Aim and Objective: Protein malonylation is a newly discovered post-translational
modification. Malonylation is known to closely be associated with type 2 diabetes and to play its
regulatory role in fatty acid oxidation and the associated genetic disease. Identifying protein
malonylations might lay a solid foundation to explore malonylation function. Due to the limitations
of experimental techniques, it is a great challenge to fast and accurately identify malonylation sites.

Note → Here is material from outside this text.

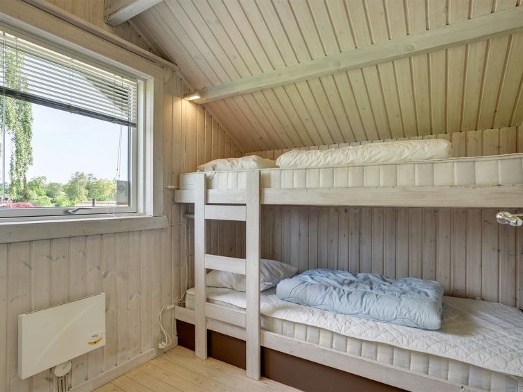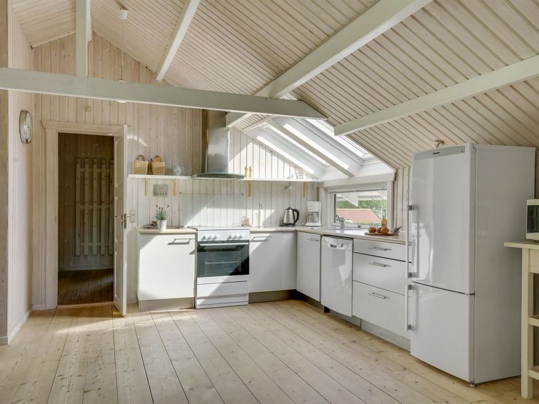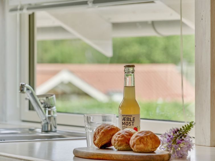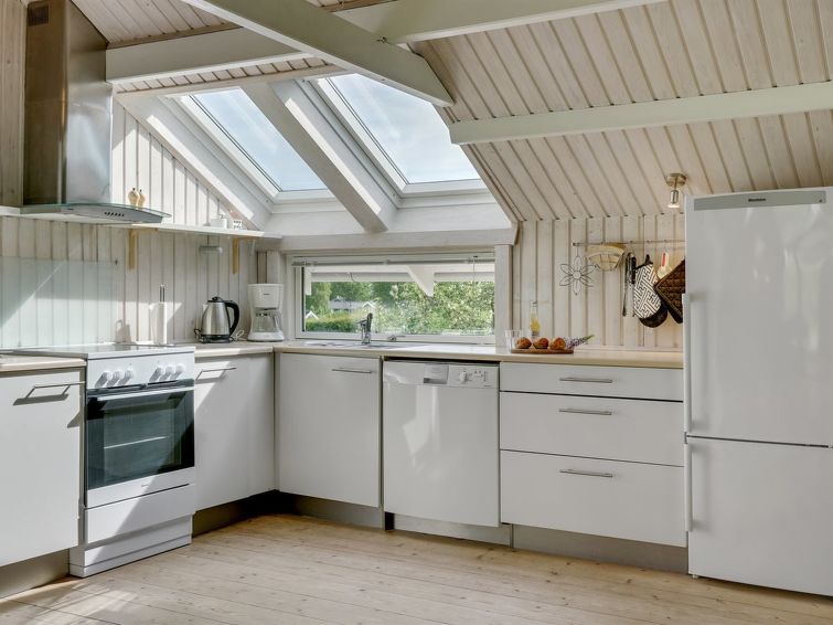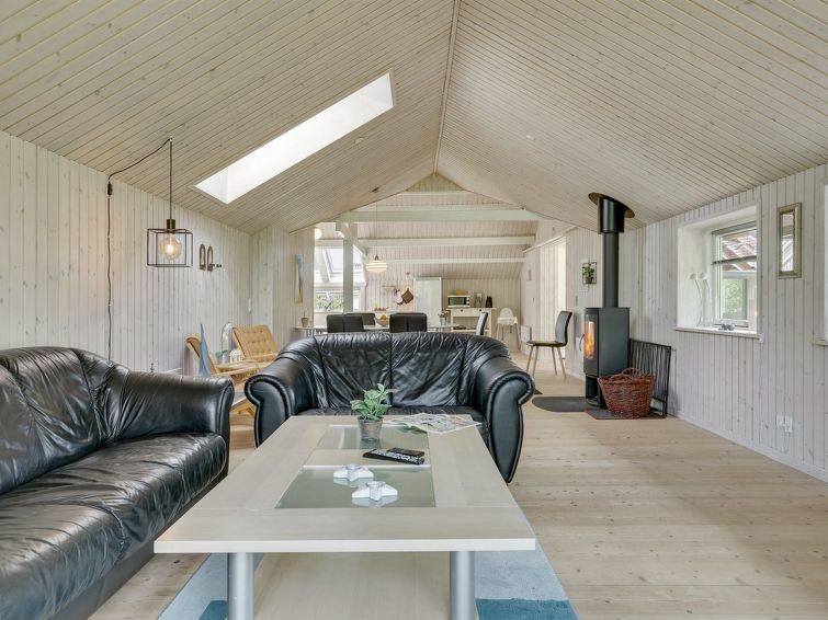 "Dea" - 850m from the sea in SE Jutland", 3 rom hus 98 m2. Passer for 6 voksne + 1 barn. Stue med, TV, CD-spiller, stereoanlegg og DVD. 1 rom med, 1 dobbeltseng. 1 rom med, 1 x 2 køysenger. 1 rom med, 1 x 2 køysenger. Kjøkken (4 kokeplater, stekeovn, oppvaskmaskin, mikrobølgeovn, frys). Dusj/WC. Terrasse 10 m2, dekt. Fasiliteter: høy barnestol barneseng (ekstra). Internett (trådløs LAN [WLAN]). Max kjæledyr / hund tillatt 1 kjæledyr / hund tillatt.

Methods: We proposed a computational method to predict malonylation sites and to analyze
malonylation pattern. We firstly extracted protein segments so that the lysine is at the center of each
segment. Then, each segment was encoded by the pseudo amino acid compositions. The support
vector machine classifier trained by a training dataset was built to distinguish malonylation sites
from non-malonylation ones.
Results: The leave-one-out test on the training dataset reached the accuracy of 0.7733, and the
independent test on the testing dataset got 0.8889. Furthermore, the classifier also successfully
identified 144 of 160 putative malonylation sites. Analyses on the differences between malonylation
and non-malonylation segments implicated that lysine malonylation should follow a specific pattern,
e.g. lysine with its neighbors being Glycine and Alanine might be more likely to be malonylated.
Therefore, the proposed method is expected to be a promising tool to identify malonylation sites.